The limitations of this study include a relatively small geographic representation of surveyed consumers in each country. The approximately 100 consumers in each country came from only one or two cities, which is common in many surveys. Some previous studies, in these and other regions have included a smaller number of respondents or participants [
38,
46]. Nevertheless, these results should not be considered as representative of the whole countries of India, Korea, or Thailand. One potential perceived limitation is the low number of men surveyed. However, this was caused by the cultural background of Asian countries, where male and female roles are somewhat rigidly defined, and men may not purchase, prepare, or store foods. Low, or nonexistent, male participant rates have been observed in other studies conducted with minorities [
9] or in Asian countries [
17,
46].
Although limitations are present, the data serves as a first look at what likely are problem areas for food safety handling of poultry and eggs—lack of refrigerated storage for eggs, cross contamination issues during preparation, and longer than recommended times for leftovers held at room temperature in some populations.

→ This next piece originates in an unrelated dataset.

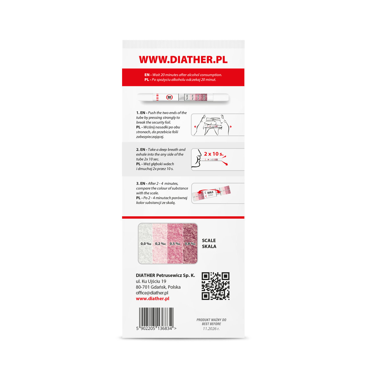 | Nazwa: | Jednorazowy alkomat alkotest atestowany alkoholomierz 1 szt. Diather |
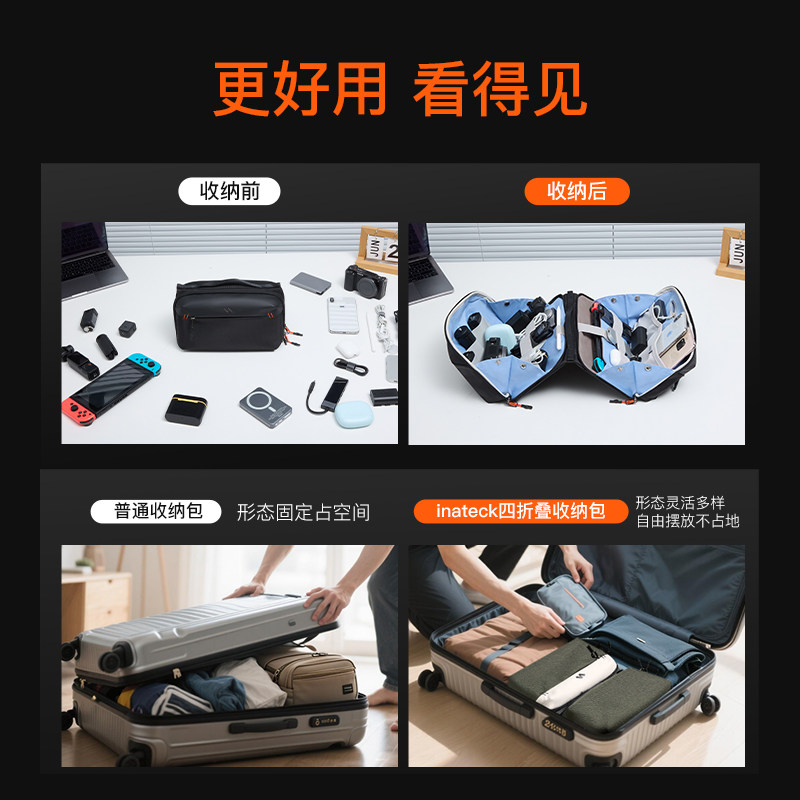 inateck四折叠火山收纳包数码收纳switch2数据线大疆pocket3充电宝充电器耳机收纳袋通勤旅行

The study also suggests that food safety education may be needed, especially with younger populations that have less exposure to preparation and storage and are still developing life-long food safety habits. In addition, the collection of data in a uniform manner across three Asian countries enables immediate comparison of results across countries.